After locating the line with "FANTASTIQUE!! Combinaison intéressante" in the entries below, output it and each following line up to and including the line with "This ballgown will", exactly and without pictures.

MATERIAL PROVIDED:
◇ ◇ ◇ ◇ ◇

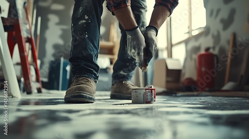 © ArpPSIqee, Fototapeta premium Person Preparing Paint for Home Renovation
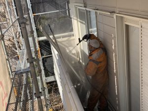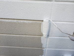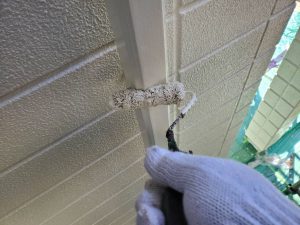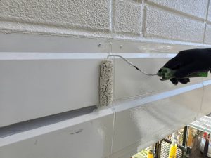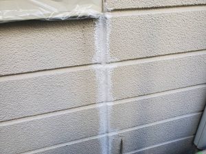 今回は目地のシーリング工事は行いませんので、目地部分にフィラーという下塗り材を刷毛で、1本ずつ塗装します。
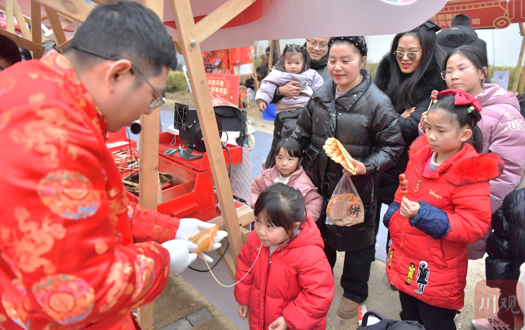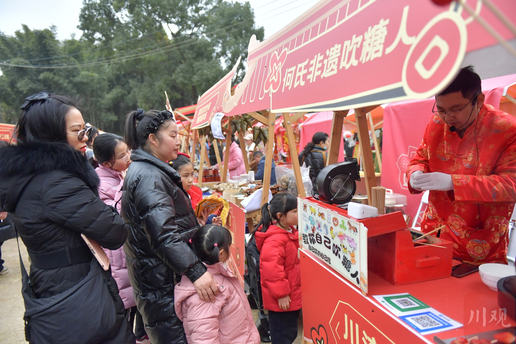 60多个展览摊位、100种特色商品……1月31日,以“川流不息 好事成双”为主题的成都市双流区永安镇首届“村糖会”在三新村永安造物场启幕。这场集非遗体验、特产展销、招商引才等于一体的“村糖会”为当地居民和游客奉上了烟火浓郁的新春盛宴。
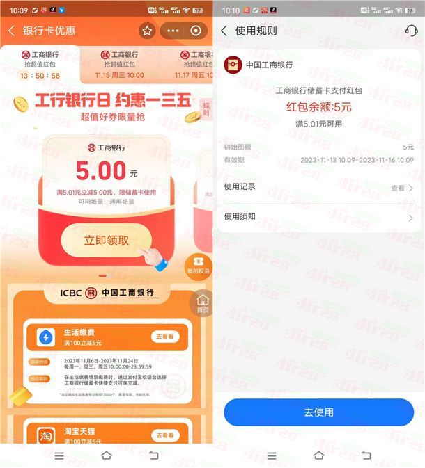 小编提示:打开支付宝APP扫码进去领5元工商银行红包,有的是满5.01元用,有的是满500元用,数量限量
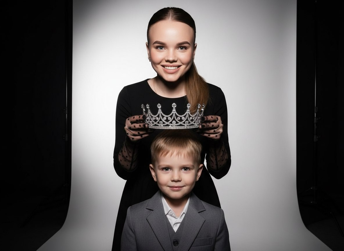 Женщина стоит чуть выше в кадре, мягко улыбаясь и держа серебряную корону с белыми бриллиантами, прямо над головой ребенка, в момент ее надевания – корона еще не надета на голову\. Женщина одета в черное платье\. У женщины черные, прозрачные перчатки в горох\. Зубы у женщины белые, натуральные, красивые\.
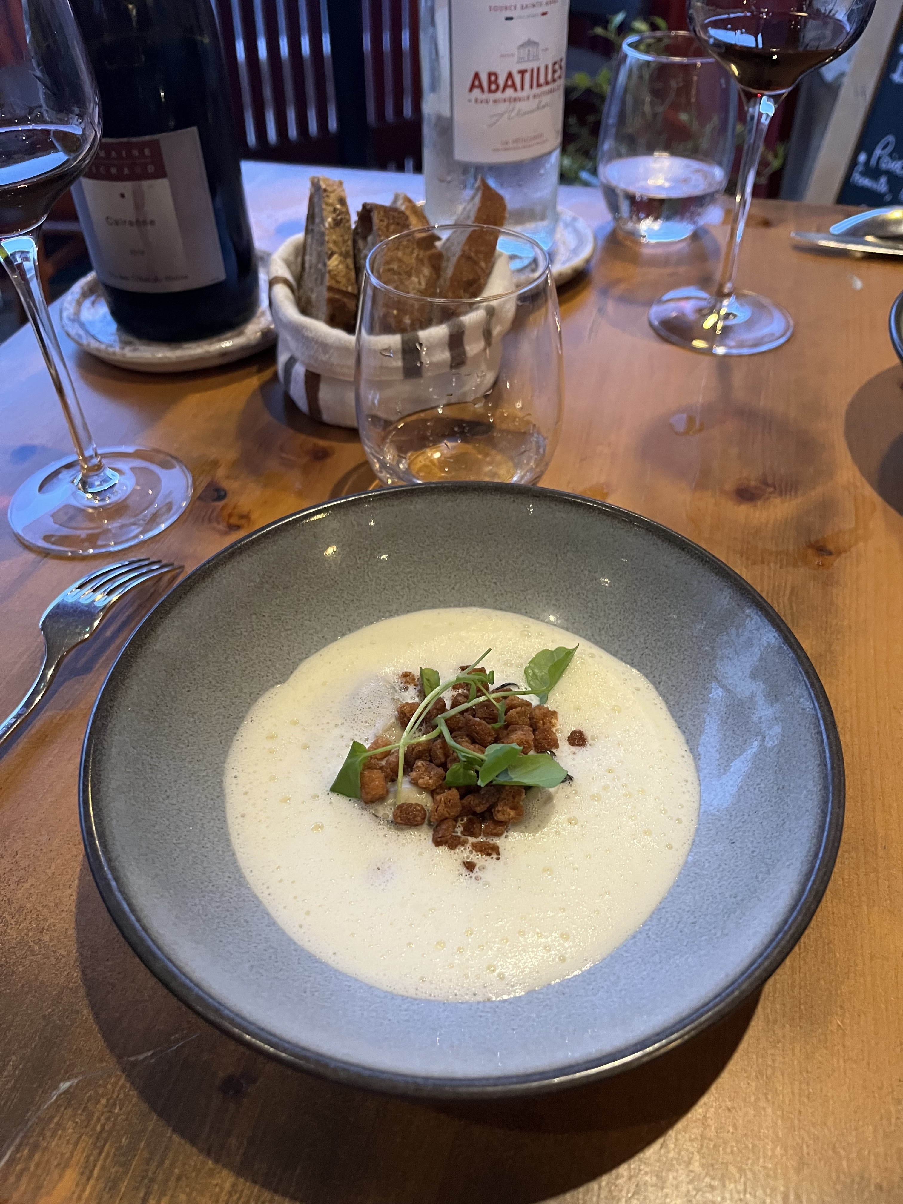 FANTASTIQUE!! Combinaison intéressante de saveurs mais plats simples axés sur d'excellents ingrédients locaux. Moins est plus. Des plats auxquels on n'aurait jamais pensé mais où les saveurs se mariaient parfaitement (nous rappelait la cuisine « minimaliste » scandinave). Étoile supplémentaire pour les vins locaux ludiques au verre et au pichet, qui permettent d'en déguster plusieurs. Cadre et personnel charmants également, gérer un restaurant avec seulement 2 personnes est impressionnant. C'était bien mieux et plus intéressant que la semaine que nous venons de passer dans des restaurants Michelin coincés en Champagne et à Saint Emilion ! MERCI!
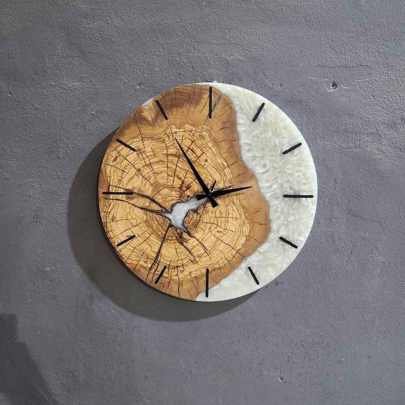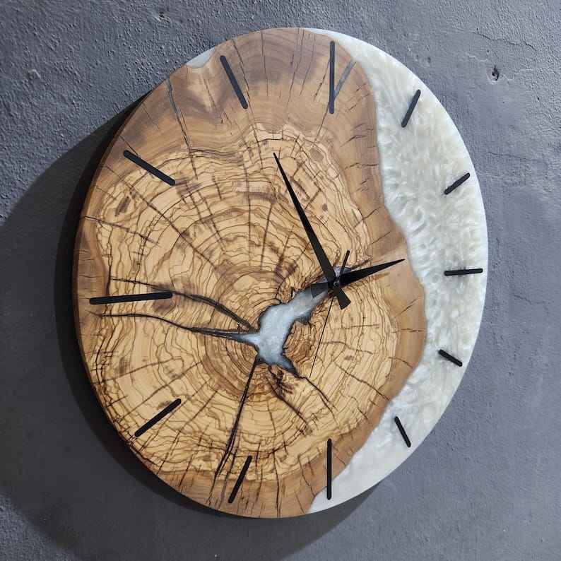 Horloge murale en résine et bois faite à la main, moderne, durable, fonctionnelle, élégante et stylée, parfaite pour le salon, la chambre à coucher
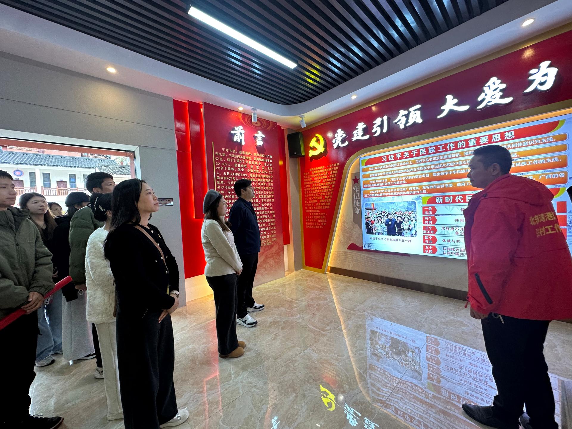 当日下午,师生一行来到南丹县里湖瑶族乡朵努社区,参观南丹县铸牢中华民族共同体意识宣传教育实践基地。在展厅内,南丹县里湖瑶族乡朵努社区工作人员为大家介绍了朵努社区的基本情况和未来发展的趋势。通过政府易地搬迁和旅游项目的开发,上万白裤瑶群众住上了“别墅楼”,改变了深度贫困的旧貌,呈现出如今“千家瑶寨,万户瑶乡”的新景象。
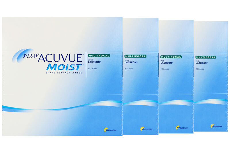 1-Day Acuvue Moist Multifocal, 4 x 90 Stück Kontaktlinsen von Johnson Johnson mit der exklusiven Lacreon Technologie für einen exzellenten Tragekomfort den ganzen Tag über und exzellentem Sehkomfort in alle Entfernungen.
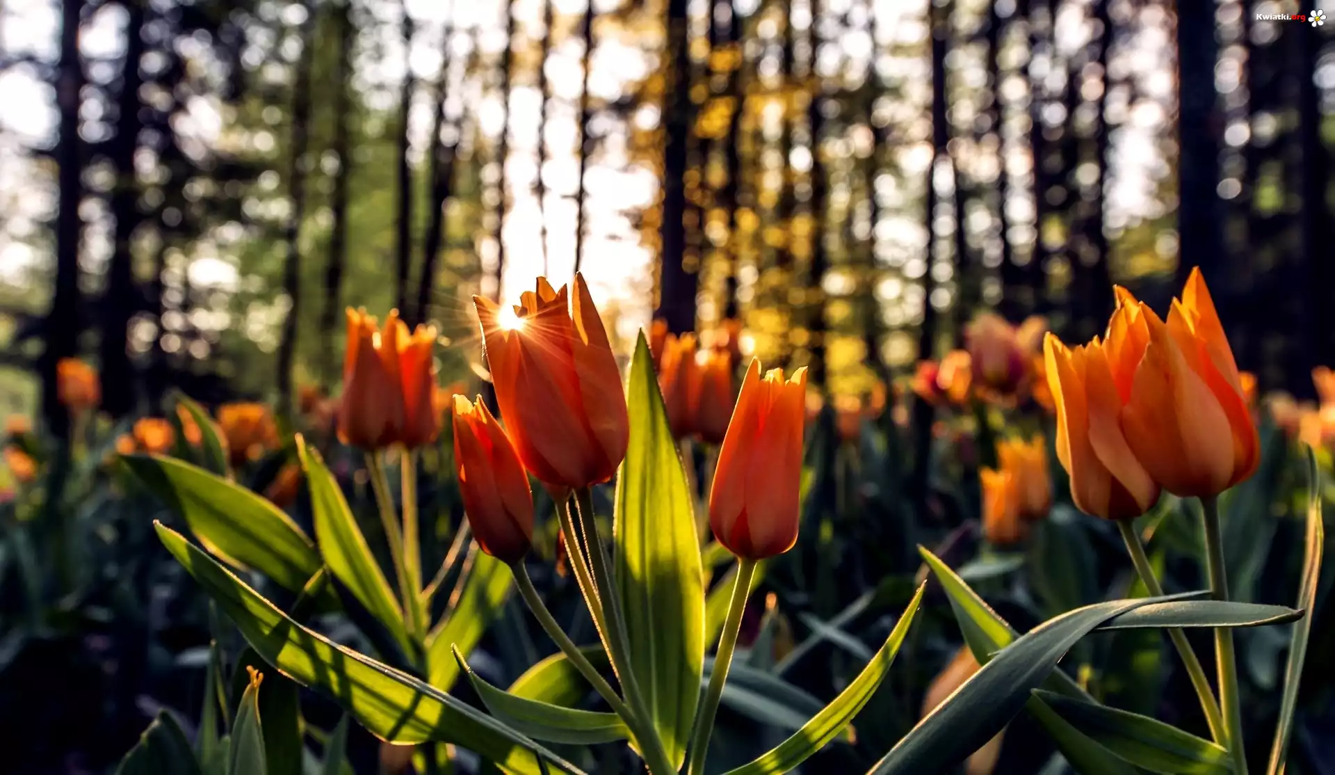 Kwiat Pomarańczowe, Tulipany, Promienie Słońca, Las
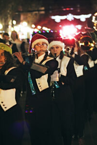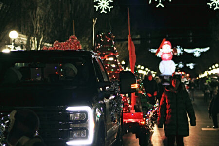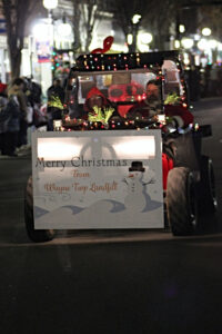 Festive floats and decorated vehicles provided by local businesses and community groups rolled along Main Street. They were joined by fire trucks, marching bands and Santa Claus himself, each performing or tossing candy to excited children along the parade route.
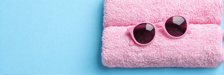 Soft blue beach towel with sunglasses on sand, top view. Space for text
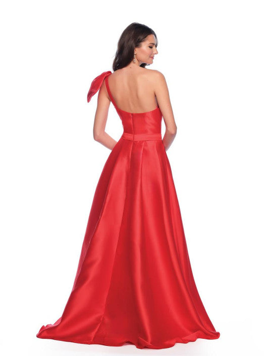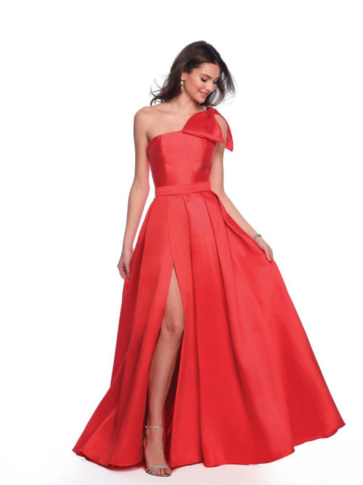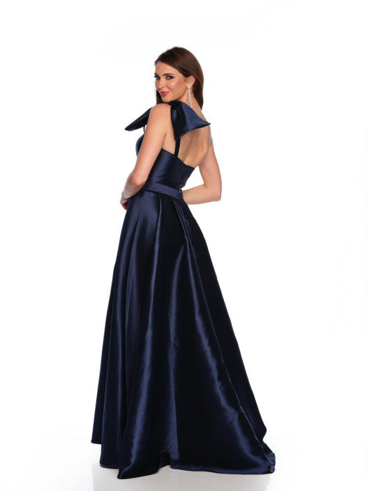 This ballgown will have you looking like a princess. Featuring a concealed back zipper and fitted top, the big bow and leg slit add a touch of style and sophistication. Capture your audience with this timeless, glamorous look.
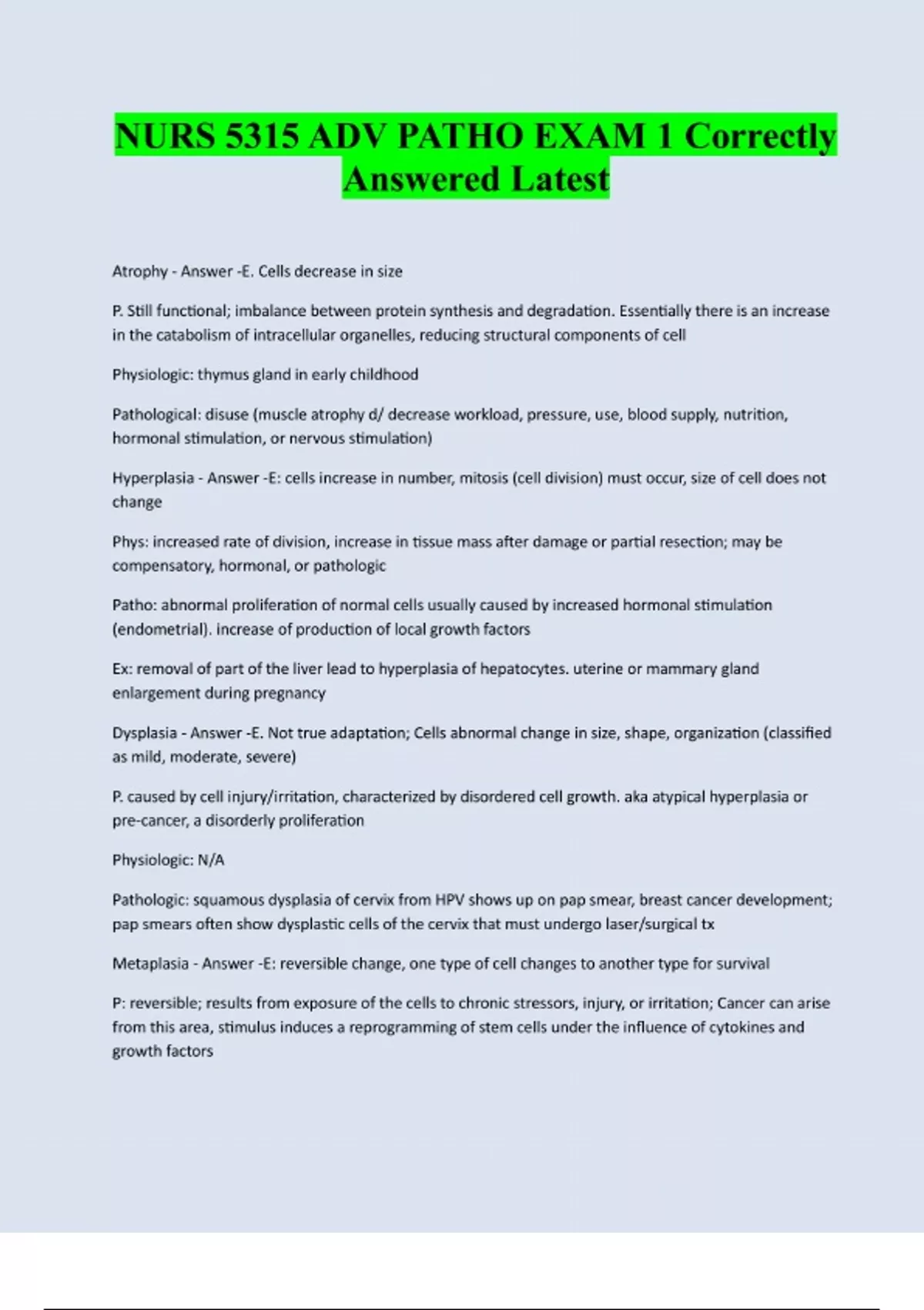 NURS 5315 ADV PATHO EXAM 1 Correctly Answered Latest Atrophy - Answer -E. Cells decrease in size P. Still functional; imbalance between protein synthesis and degradation. Essentially there is an increase in the catabolism of intracellular organelles, reducing structural components of cell Physiologic: thymus gland in early childhood Pathological: disuse (muscle atrophy d/ decrease workload, pressure, use, blood supply, nutrition, hormonal stimulation, or nervous stimulation) Hyperplasia - Answer -E: cells increase in number, mitosis (cell division) must occur, size of cell does not change Phys: increased rate of division, increase in tissue mass after damage or partial resection; may be compensatory, hormonal, or pathologic Patho: abnormal proliferation of normal cells usually caused by increased hormonal stimulation (endometrial). increase of production of local growth factors Ex: removal of part of the liver lead to hyperplasia of hepatocytes. uterine or mammary gland enlargement during pregnancy Dysplasia - Answer -E. Not true adaptation; Cells abnormal change in size, shape, organization (classified as mild, moderate, severe) P. caused by cell injury/irritation, characterized by disordered cell growth. aka atypical hyperplasia or pre-cancer, a disorderly proliferation Physiologic: N/A Pathologic: squamous dysplasia of cervix from HPV shows up on pap smear, breast cancer development; pap smears often show dysplastic cells of the cervix that must undergo laser/surgical tx Metaplasia - Answer -E: reversible change, one type of cell changes to another type for survival P: reversible; results from exposure of the cells to chronic stressors, injury, or irritation; Cancer can arise from this area, stimulus induces a reprogramming of stem cells under the influence of cytokines and growth factorsEx: Patho: Columnar cells change to squamous cells in lungs of smoker or normal ciliated epithelial cells of the bronchial linings are replaced by stratified squamous epithelial cells.; Phys: Barrett Esophagusnormal squamous cells change to columnar epithelial cells in response to reflux, aka intestinal metaplasia Hypoxia injury - Answer -E. inadequate oxygenation of tissues P. decrease in mitochondrial function, decreased production of ATP increases anaerobic metabolism. eventual cell death. C.M. hypoxia, cyanosis, cognitive impairment, lethargy Free radical and ROS - Answer -E. normal byproduct of ATP production, will overwhelm the mitochondria- exhaust intracellular antioxidants P. lipid peroxidation, damage proteins, fragment DNA C.M. development in Alzheimer's, heart disease, Parkinson's disease, Amyotrophic Lateral Sclerosis Ethanol - Answer -E. mood altering drug, long term effects on liver and nutritional status P. metabolized by liver, generates free radicals C.M. CNS depression, nutrient deficiencies-Mag, Vit B6, thiamine, PO4, inflammation and fatty infiltration of liver, hepatomegaly, leads to liver failure irreversible Oncosis - Answer -Na and H2O enter cell and cause swelling. Organ increases in weight, becomes distended and pale. Associated with high fever, hypocalcemia, certain infections Fatty Infiltration - Answer -intracellular accumulation of lipids in the liver liver fails to metabolize lipids. usually from ETOH or high fat diet. can lead to cirrhosis dystrophic calcification - Answer -accumulation of Ca in dead or dying tissues calcium salt clump and harden- interfere with cellular structure and function r/t pulmonary TB, atherosclerosis, injured heart valves, chronic pancreatitis metastatic calcification - Answer -accumulation of Ca in normal tissue result of hypercalcemia r/t hyperparathyroidism, hyperthyroidism, toxic levels of Vit D. Can also r/t hyperphosphatemia in renal failure urate accumulation - Answer -sodium urate crystals are deposited in tissues- group of disorders collectively called gout- acute arthritis, chronic gouty arthritis, tophus, nephritis Coagulative Necrosis - Answer -kidneys, heart, adrenals- secondary to hypoxiaLiquefactive Necrosis - Answer -nerve cells- brain- accumulation of pus Caseous Necrosis - Answer -lung disease- usually TB- tissue looks like clumped cheese Fat Necrosis - Answer -breast, pancreas, abdominal structures- creates soaps Gangrenous Necrosis - Answer -Dry- dark shriveled skin Wet- internal organs- can lead to death Gas- from clostridium- antitoxins and hyperbaric therapy Gout - Answer -E. disturbances in serum urate levels. uncommon for < 30 years old. P. uric acid is deposited in the tissues of kidney, h

◇ ◇ ◇ ◇ ◇

EXERCISE SOLUTION:
 FANTASTIQUE!! Combinaison intéressante de saveurs mais plats simples axés sur d'excellents ingrédients locaux. Moins est plus. Des plats auxquels on n'aurait jamais pensé mais où les saveurs se mariaient parfaitement (nous rappelait la cuisine « minimaliste » scandinave). Étoile supplémentaire pour les vins locaux ludiques au verre et au pichet, qui permettent d'en déguster plusieurs. Cadre et personnel charmants également, gérer un restaurant avec seulement 2 personnes est impressionnant. C'était bien mieux et plus intéressant que la semaine que nous venons de passer dans des restaurants Michelin coincés en Champagne et à Saint Emilion ! MERCI!
 Horloge murale en résine et bois faite à la main, moderne, durable, fonctionnelle, élégante et stylée, parfaite pour le salon, la chambre à coucher
 当日下午,师生一行来到南丹县里湖瑶族乡朵努社区,参观南丹县铸牢中华民族共同体意识宣传教育实践基地。在展厅内,南丹县里湖瑶族乡朵努社区工作人员为大家介绍了朵努社区的基本情况和未来发展的趋势。通过政府易地搬迁和旅游项目的开发,上万白裤瑶群众住上了“别墅楼”,改变了深度贫困的旧貌,呈现出如今“千家瑶寨,万户瑶乡”的新景象。
 1-Day Acuvue Moist Multifocal, 4 x 90 Stück Kontaktlinsen von Johnson Johnson mit der exklusiven Lacreon Technologie für einen exzellenten Tragekomfort den ganzen Tag über und exzellentem Sehkomfort in alle Entfernungen.
 Kwiat Pomarańczowe, Tulipany, Promienie Słońca, Las
 Festive floats and decorated vehicles provided by local businesses and community groups rolled along Main Street. They were joined by fire trucks, marching bands and Santa Claus himself, each performing or tossing candy to excited children along the parade route.
 Soft blue beach towel with sunglasses on sand, top view. Space for text
 This ballgown will have you looking like a princess. Featuring a concealed back zipper and fitted top, the big bow and leg slit add a touch of style and sophistication. Capture your audience with this timeless, glamorous look.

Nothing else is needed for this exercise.